Domaine thérapeutique (Classification anatomique, thérapeutique, chimique [Anatomical Therapeutic Chemical], deuxième niveau) : L01 Agents antinéoplasiques

Date de présentation : 2025-01-28

Date d’autorisation : 2025-08-29

Le 29 août 2025, Santé Canada a émis à l'intention d’AbbVie Corporation un Avis de conformité pour le produit médicamenteux Elahere.

L'autorisation de mise en marché d’Elahere s'appuie sur l'information portant sur la qualité (chimie et fabrication), ainsi que les études non cliniques (pharmacologie et toxicologie) et cliniques (pharmacologie, innocuité et efficacité) présentées. D'après l'évaluation des données reçues effectuée par Santé Canada, le profil avantages-risques d’Elahere est considéré comme étant favorable lorsqu'indiqué en monothérapie pour le traitement des personnes adultes qui sont atteintes d’un cancer épithélial de l’ovaire, d’un cancer de la trompe de Fallope ou d’un cancer péritonéal primaire résistants au platine et exprimant le récepteur alpha du folate (FRα), et qui ont déjà reçu de 1 à 3 traitements systémiques.

1 Sur quoi l'autorisation porte-t-elle?

Elahere, un agent antinéoplasique, a été autorisé pour utilisation en monothérapie pour le traitement des personnes adultes qui sont atteintes d’un cancer épithélial de l’ovaire, d’un cancer de la trompe de Fallope ou d’un cancer péritonéal primaire résistants au platine et exprimant le récepteur alpha du folate (FRα), et qui ont déjà reçu de 1 à 3 traitements systémiques.

L'efficacité et l'innocuité et d’Elahere n'ont pas été établies chez les enfants (moins de 18 ans).

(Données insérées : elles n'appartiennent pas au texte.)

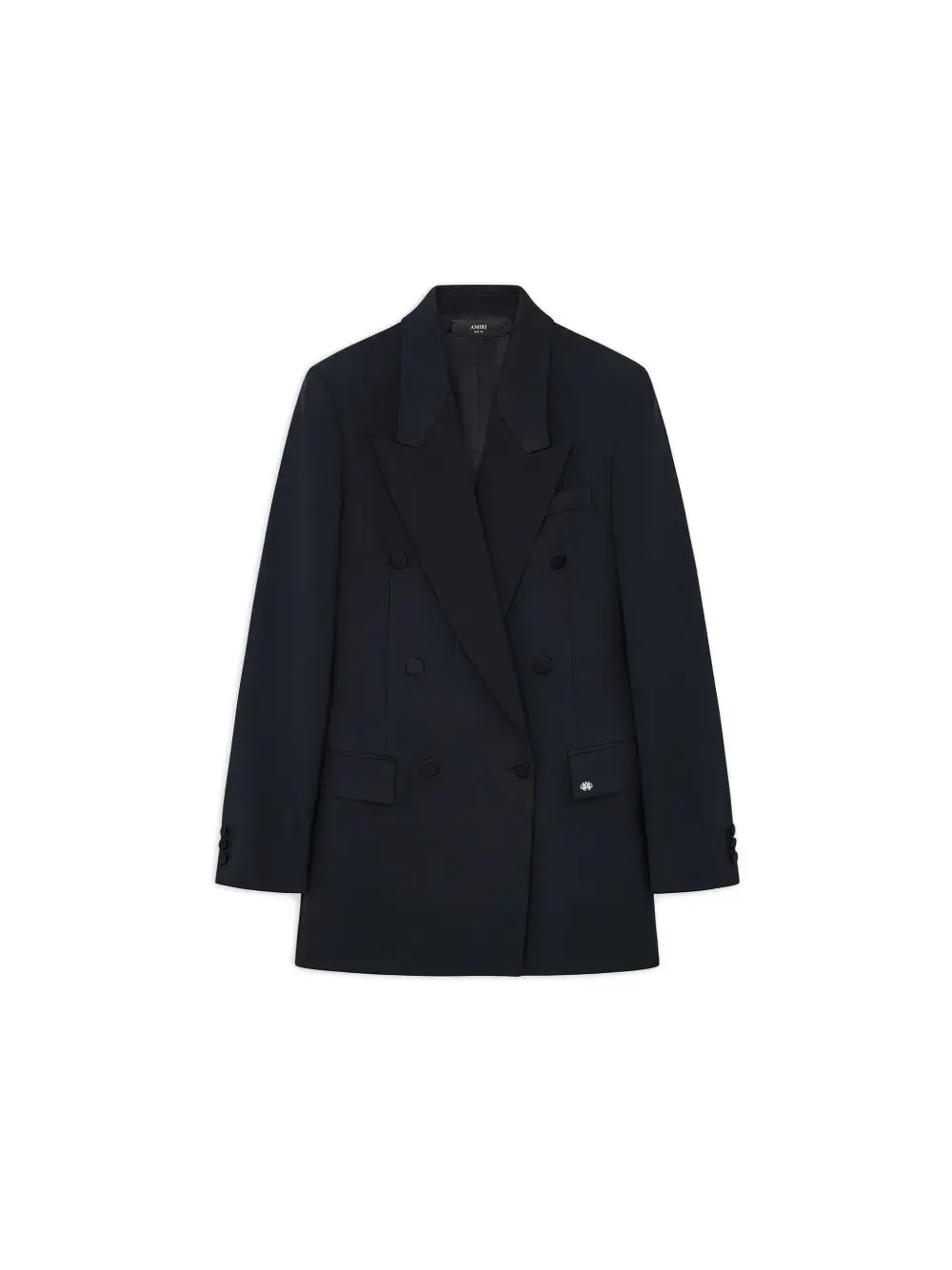 чёрный двубортный пиджак с застёжкой на пуговицы, лацканами с острыми концами, передними клапанными карманами и манжетами на пуговицах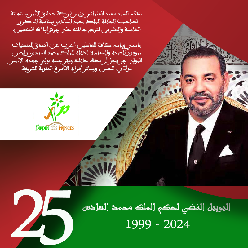 بمناسبة الذكرى الخامسة والعشرين لتربع الملك محمد السادس على عرش أسلافه المنعمين، يتقدم السيد سعيد العثماني، رئيس شركة حدائق الأمراء، بتهانئه لجلالة الملك.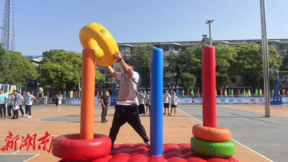 上午8时30分,职工趣味运动会在雄壮的国歌声中拉开帷幕。比赛共设汉诺塔、同心鼓、智勇冲关、龙腾四海、众人拾柴、三方拔河六个项目,集趣味性、娱乐性于一体。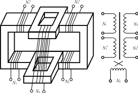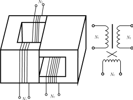 從20世紀80年代末開始,對由垂直形鐵心構成的立體布置的多功能鐵心結構進行研究的人員越來越多。最早是有人把C形鐵心的一半轉90°而形成的,發現在沒轉90°的C形鐵心上的繞組之間仍存在變壓器功能,轉90°的C形鐵心上繞上一個繞組,可以通過電流激磁后,改變沒轉90°的C形鐵心上繞組的電感〔見圖11(a)〕。后來把鐵心去掉一些變成圖11(b),仍然具有這樣的功能。圖11(c)是把兩個變壓器和兩個可控電感組合在一起的多功能鐵心結構。
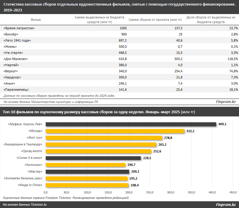 Контраргументы Министерства культуры и информации РК таковы: «Представители сферы зачастую не заинтересованы в производстве качественного продукта и его продвижении. Режиссёры стараются снимать картины для участия в фестивалях, ставят в приоритет свои личные творческие амбиции, забывая о запросах широкой зрительской аудитории». Именно этими доводами представители ведомства объясняют отсутствие успеха у многих картин, снятых за счёт бюджетных средств. За период с 2019 по 2023 год Центром поддержки национального кино профинансированы 103 проекта на общую сумму в 19 млрд тг. Из них в 2023 году в кинопрокат вышли только 23 фильма, которые на тот момент суммарно заработали в прокате 1,5 млрд тг. В таблице ниже мы привели несколько примеров художественных фильмов, снятых, в числе прочего, благодаря государственному финансированию. Прокатные сборы у большинства этих фильмов настолько скромные, что едва достигают 10% от начального финансирования. Исключением можно назвать только аутентичную национальную картину «Дос-Мукасан» о легендарном одноимённом ансамбле, собравшую в прокате 503,2 млн тг при объёме государственного финансирования в 424,8 млн тг.

L'utilisation d’Elahere n'est donc pas autorisée en pédiatrie. 

Aucune différence cliniquement significative sur le plan de l’innocuité et de l’efficacité n’a été observée entre les personnes de 65 ans ou plus et les adultes plus jeunes

Elahere (mirvétuximab soravtansine 100 mg/20 ml) se présente sous forme de solution. En plus de l'ingrédient médicinal, la solution contient de l’acide acétique glacial, du polysorbate 20, de l’acétate de sodium, du sucrose et de l’eau pour injection.

L'utilisation d’Elahere est contre-indiquée chez les personnes qui présentent une hypersensibilité à ce médicament, à un ingrédient de la préparation, y compris à un ingrédient non médicinal, ou à un composant du contenant.

Le produit médicamenteux a été autorisé selon les conditions d'utilisation décrites dans sa monographie de produit, en tenant compte des risques potentiels associés à son administration. La monographie de produit d’Elahere est accessible par l'intermédiaire de la Base de données sur les produits pharmaceutiques.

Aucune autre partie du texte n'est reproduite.